Backward compatibility: All new features (multi-provider support, capture mode, output formats) work with existing evaluation suites. No code changes required.

Basic usage

Run all evaluations in the current directory:

Terminal
arcade evals .

The command searches for files starting with eval_ and ending with .py.

Show detailed results with critic feedback:

Terminal
arcade evals . --details

Filter to show only failures:

Terminal
arcade evals . --only-failed

Multi-provider support

Single provider with default model

Use OpenAI with default model (gpt-4o):

Terminal
export OPENAI_API_KEY=sk-... arcade evals .

Use Anthropic with default model (claude-sonnet-4-5-20250929):

Terminal
export ANTHROPIC_API_KEY=sk-ant-... arcade evals . --use-provider anthropic

Specific models

Specify one or more models for a provider:

Terminal
arcade evals . --use-provider "openai:gpt-4o,gpt-4o-mini"

Multiple providers

Compare performance across providers (space-separated):

Terminal
arcade evals . \ --use-provider "openai:gpt-4o anthropic:claude-sonnet-4-5-20250929" \ --api-key openai:sk-... \ --api-key anthropic:sk-ant-...

When you specify multiple models, results show side-by-side comparisons.

API keys

are resolved in the following order:

PriorityFormat
1. Explicit flag--api-key provider:key (can repeat)
2. EnvironmentOPENAI_API_KEY, ANTHROPIC_API_KEY
3. .env fileOPENAI_API_KEY=..., ANTHROPIC_API_KEY=...

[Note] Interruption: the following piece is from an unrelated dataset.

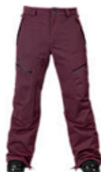
Freemont Pant $189.95

Create a .env file in your directory to avoid setting keys in every terminal session.

Examples:

Terminal
# Single provider arcade evals . --api-key openai:sk-... # Multiple providers arcade evals . \ --api-key openai:sk-... \ --api-key anthropic:sk-ant-...

Capture mode

Record calls without scoring to bootstrap test expectations:

Terminal
arcade evals . --capture --output captures/baseline.json

Include conversation in captured output:

Terminal
arcade evals . --capture --include-context --output captures/detailed.json

Capture mode is useful for:

  • Creating initial test expectations
  • Debugging model behavior
  • Understanding call patterns

See Capture mode for details.

Output formats

Save results to files

Specify output files with extensions - format is auto-detected:

Terminal
# Single format arcade evals . --output results.md # Multiple formats arcade evals . --output results.md --output results.html --output results.json # All formats (no extension) arcade evals . --output results

Available formats

ExtensionFormatDescription
.txtPlain textPytest-style output
.mdMarkdownTables and collapsible sections
.htmlHTMLInteractive report
.jsonJSONStructured data for programmatic use
(none)All formatsGenerates all four formats

Command options

Quick reference

FlagShortPurposeExample
--use-provider-pSelect provider/model-p "openai:gpt-4o"
--api-key-kProvider API key-k openai:sk-...
--capture-Record without scoring--capture
--details-dShow critic feedback--details
--only-failed-fFilter failures--only-failed
--output-oOutput file(s)-o results.md
--include-context-Add messages to output--include-context
--max-concurrent-cParallel limit-c 10
--debug-Debug info--debug

--use-provider, -p

Specify provider(s) and model(s) (space-separated):

Terminal
--use-provider "<provider>[:<models>] [<provider2>[:<models2>]]"

Supported providers:

  • openai (default: gpt-4o)
  • anthropic (default: claude-sonnet-4-5-20250929)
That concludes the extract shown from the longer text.